You Kill it, You Eat it!

posted May 1, 2012, 11:13 AM by Jeremy Fowler-Lindemulder   [ updated May 1, 2012, 11:19 AM ]
This is just one of those odd bits of game culture from my past:


"You know the drill, Save the M&Ms for questioning, and the cupcake is mine!"

It is anyone’s guess who started the curious culinary custom of “you kill it, you eat it.” The practice has seemingly been around for a long time. It certainly has been practiced by convention game referees for as long as many can remember. It may have originally been an attempt to sweeten the reward of winning a combat. But, whatever its roots, here are the rules we used when adding it to our table top RPG games.

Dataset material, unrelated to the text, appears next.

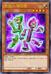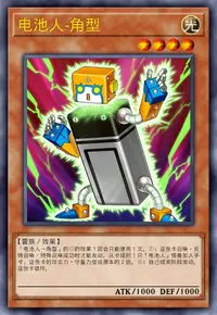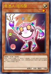 反转:从自己卡组把1只「电池人-纽扣型」以外的4星以下的名字带有「电池人」的怪兽特殊召唤。此外,反转过的这张卡被战斗破坏送去墓地时,从自己卡组抽1张卡。

To liven up combat antics, we used edible tokens to represent opponents on the table. (Since it is never a good idea to ingest strange matter, we made sure that the battle battle mat was clean before undertaking this sort of adventure twist.)

The basic idea is simple: whoever puts the last hit points on any opponent on the battle field gets to eat the candy that represents that creature. What counts for scoring a kill is that the creature is incapacitated. Thus, if the second level halfling rogue puts the last three hit points on the dragon, effectively killing it, then that character’s player gets to eat it. If a wizard effectively casts hold spells and the incapacitated creatures are subsequently killed by others while they are held, then the wizard should get credit for that kill.


This might not be the case if the held creatures have some way of effectively fighting while held. Ultimately the referee must make the decision
of who gets the battlefield carrion, but most decisions of this sort are straight forward.

To represent the opponents, one will want to select some tasty tidbits. Celery and carrots may be healthy, but no one wants to fight to eat them. As a rule, vegetables are often spared by adventuring parties and give free passage through the realm.


Gummi candies come in various shapes and sizes (some are even sugar free), but can squish in a referee’s back pack or melt in a hot car when left unattended.

Hard candies are easy to transport, and are of a good size for the task, but most gamers I know prefer chocolate if it is kept cool and unmushed. Some referees will use one type of candy to represent all the monsters, while more creative ones with larger budgets may use candies of varying sizes and color to represent different opponents.


Once you have tried it a few times, you will know what level of preparation you feel comfortable with.